I started taking piano lessons last October. I’ve always been attracted to music, and it had gotten to the point where I couldn’t even walk by the piano in our living room without it calling out to me, so I decided to give it a try.
It was tough. Practicing was a chore, progress was slow, and even with lessons stretched out to just once every two weeks, I would sometimes find myself cramming the night before one of these, only to have to live through the awkwardness the next day of not really knowing my stuff.
After about nine months of this, the piano was feeling more like a nightly obligation than the joy I had hoped for, and it seemed likely that the Rolling Stones would not be calling me to tour with them anytime soon.
One day last June, as I wondered out loud if I should just give it up, a friend suggested that I get one of those electronic keyboards for my office. That way she said, I could play in short spurts throughout the day, and rather than the piano being one more thing to deal with at night, it would become integrated into my daily life.
I took her advice, and sure enough, today I chip away slowly but steadily at the things I want to learn. I have found that this approach is not only more enjoyable, but it has also led to a significant improvement in my piano playing.
So, what’s this got to do with doing business on the web? I thought you’d never ask.
Many of you are treating your web site in exactly the same way I had been treating my piano.
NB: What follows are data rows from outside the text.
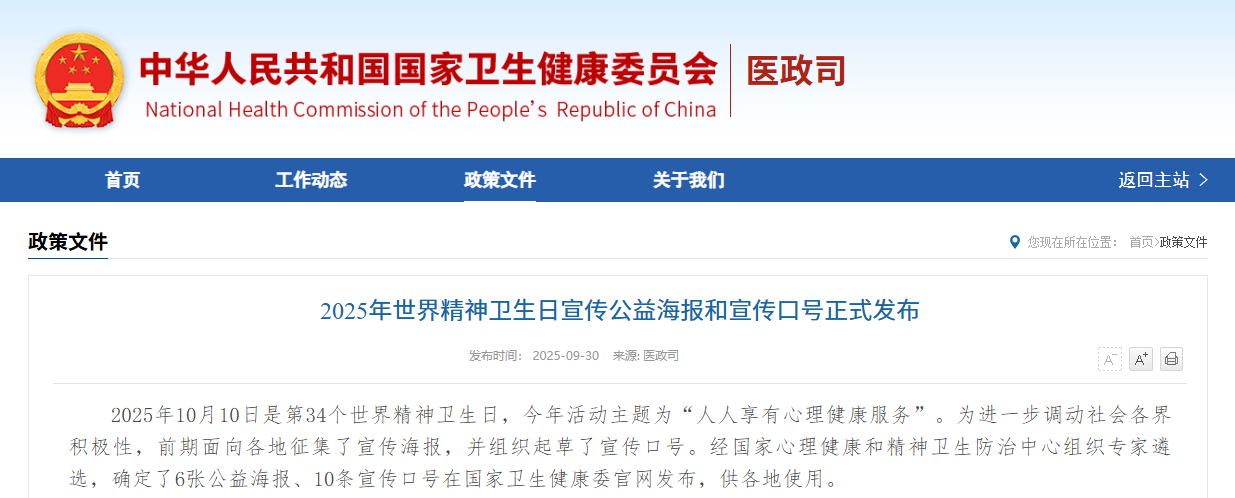 2025年10月10日是第34个世界精神卫生日,今年活动主题为“人人享有心理健康服务”。为进一步调动社会各界积极性,前期面向各地征集了宣传海报,并组织起草了宣传口号。经国家心理健康和精神卫生防治中心组织专家遴选,确定了6张公益海报、10条宣传口号在国家卫生健康委官网发布,供各地使用。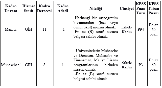 Karakaya Belediyesi lise mezunu düz memur ve lisans mezunu muhasebeci alımı yapacak.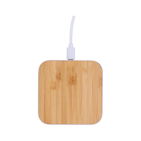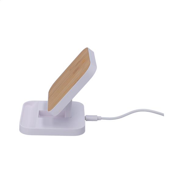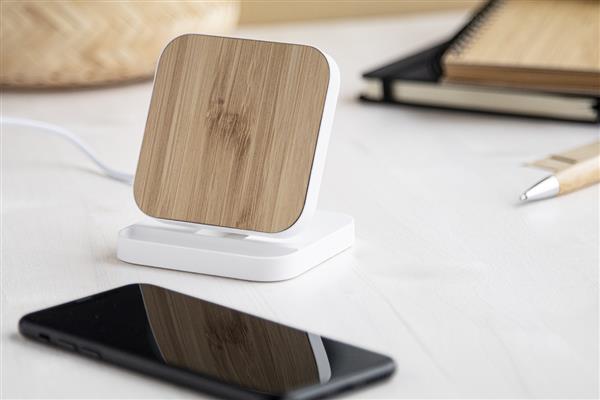 Uchwyt na telefon z tworzywa ABS z recyklingu z wbudowaną szybką ładowarką indukcyjną pokrytą bambusem (15 W). Zawiera kabel USB.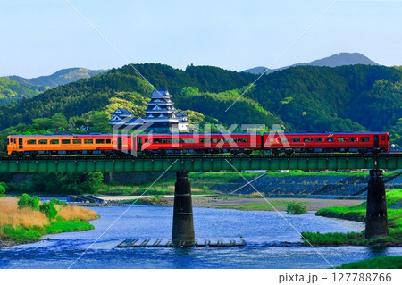 [愛媛縣]穿越大洲城和Hijikawa橋的觀光火車(Iyonada Monogatari)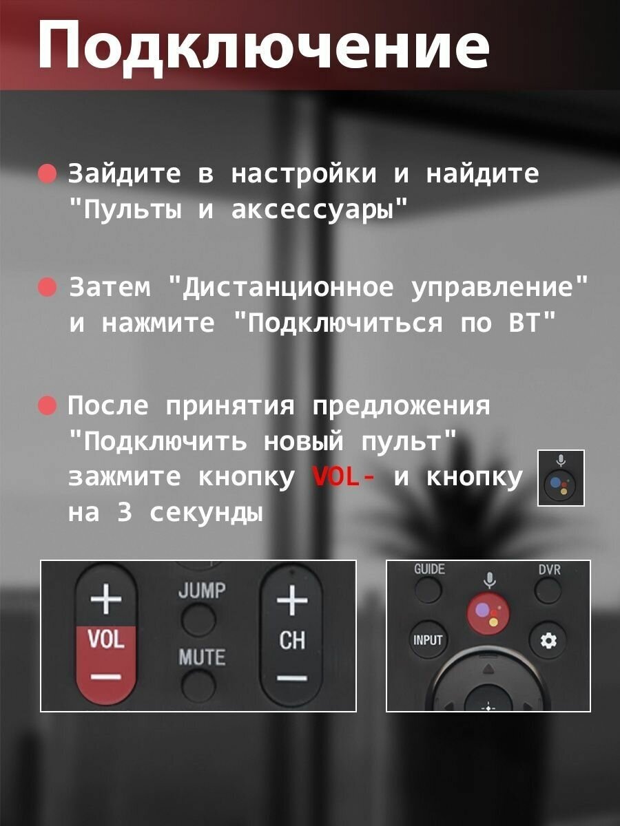 | Дополнительная информация | Для работы пульта необходимо выполнить его подключение (сопряжение) с телевизором. Нажмите кнопку HOME, выберите меню Установки Выберите Голосовое дистанционное управление и нажмите кнопку активации Нажмите и удерживайте VOL- на пульте Продолжая удерживать VOL- нажмите и удерживайте кнопку микрофона на 3 секунды В некоторых версиях Android обозначения могут отличаться. Обратитесь к инструкции вашего ТВ за подробным описанием. |

You look at it as a sideline; a thing to work on when time allows and the spirit moves you. Take it from me, this is no way to make progress.
Your web site, your enewsletter and your involvement in electronic communications in general, all have the potential to revolutionize the way you do business. In an economy that is stalled and that shows no signs of immediate recovery, you need tools that can — cost effectively — increase lead generation, increase sales effectiveness and increase customer lifetime value.
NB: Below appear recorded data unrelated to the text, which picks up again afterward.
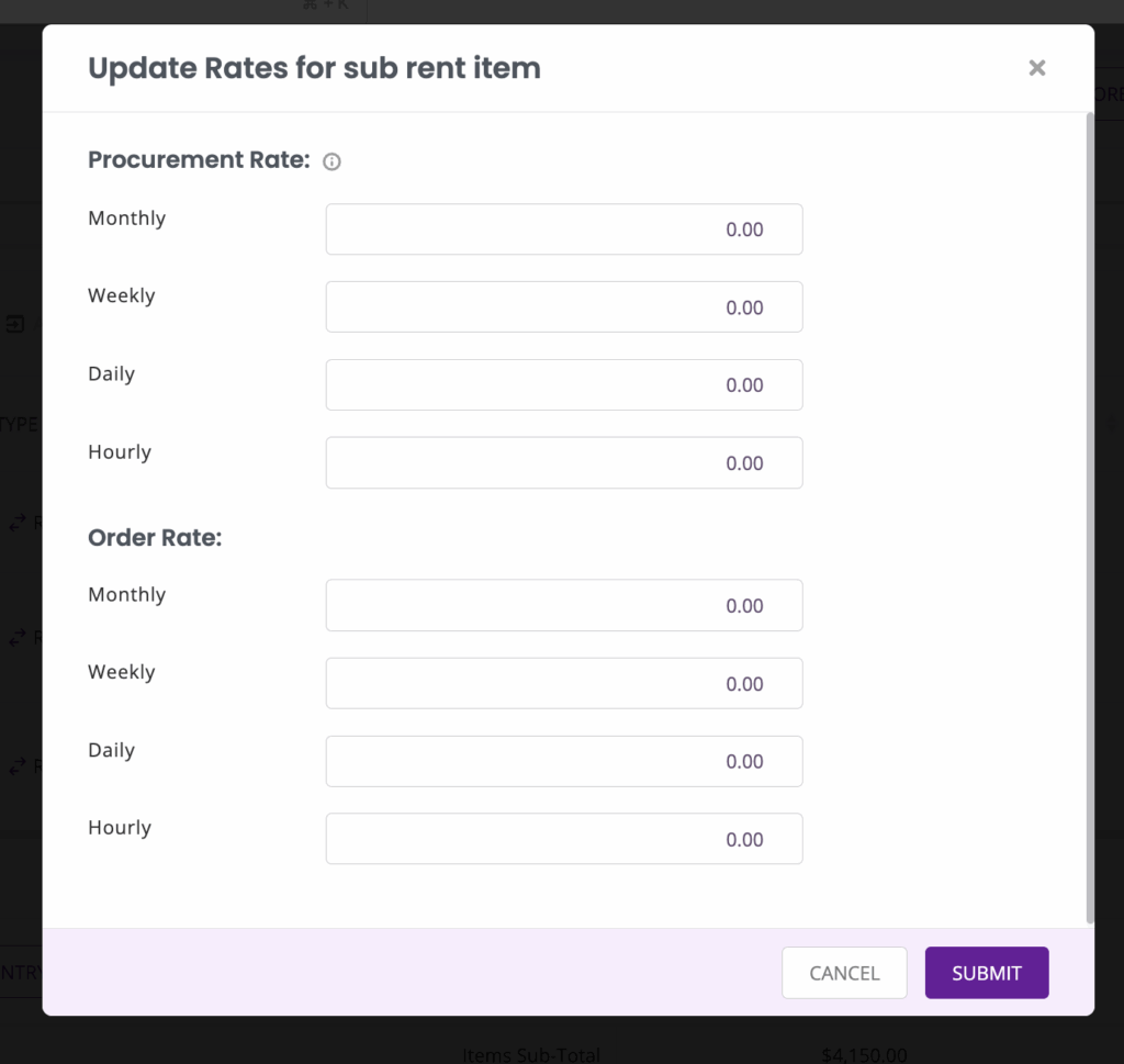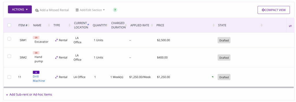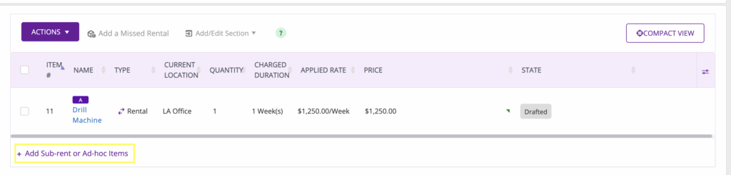 While creating an order, you can choose to sub-rent certain items. To do so, click on “+Add Sub-rent or ad hoc items” to sub-rent an item.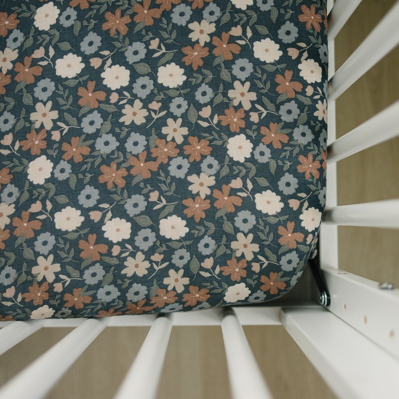 Midnight Floral Muslin Crib Sheet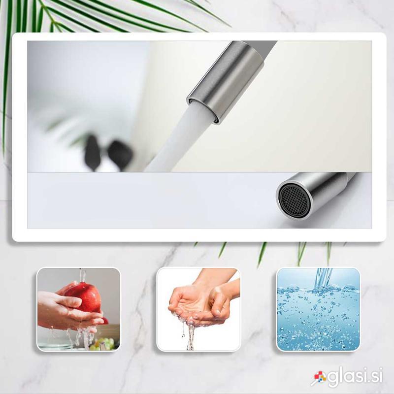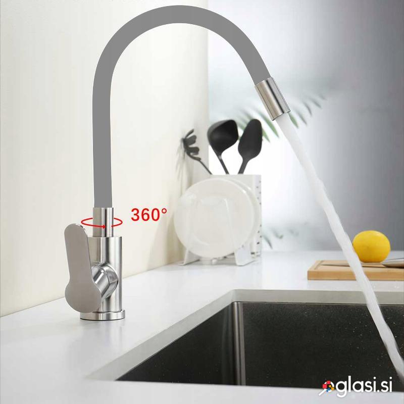 Glavna prednost tega modela je fleksibilen silikonski izliv, ki ga je mogoče poljubno oblikovati. To omogoča, da vodni curek doseže vsak kotiček pomivalnega korita. Pomivanje visokih loncev, izpiranje zelenjave ali polnjenje vrčev še nikoli ni bilo tako enostavno.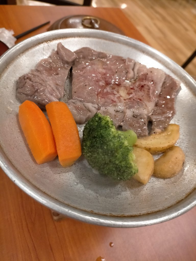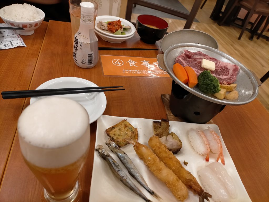 明日の旅程をなんとなく決めて、ひとっ風呂浴びて夕飯に。部屋まで行くエレベーターにオプション料理の追加が可能でしたので、奮発して上州牛サーロインと牛タンを追加オーダーで予約。たまにはいいでしょ。伊東園ホテルはバイキングと飲み放題付きなので非常にリーズナブルです。

You’ve got all that and more at your disposal with the web. But as long as the tools continue to live on the outskirts of your “real business,” you won’t realize the potential.
Here are three suggestions for making it happen.
• Track it. Track your electronic efforts with the same vigor and diligence that you apply to your traditional tactics. Whether it’s sales, response times, customer inquiries, whatever, if you’ve got systems in place for measuring offline results, make sure you build an equally robust machine for measuring online results.
• Teach it. New ideas don’t drop out of thin air; people need to be continually exposed to what doing business online has to offer. Send them to seminars, bring in speakers, subscribe to electronic business publications (Interactive Week is a great one for keeping the ideas flowing). Use the success of others as inspiration for your own efforts.
• Live it. Look for ways to continually improve your online tactics, step by step, day by day. Hold regularly scheduled meetings with your staff to discuss and brainstorm enhancements. Encourage feedback from customers to learn what they want and what they don’t want. Don’t simply work on projects;transform the way you do business.
Bottom Line: Like learning to play the piano, fluency comes from small, daily improvements, and the trick is in finding ways to move online tools front and center in your organization. Now excuse me, my phone is ringing and I’ve got a feeling it just might be Mick Jagger on the line.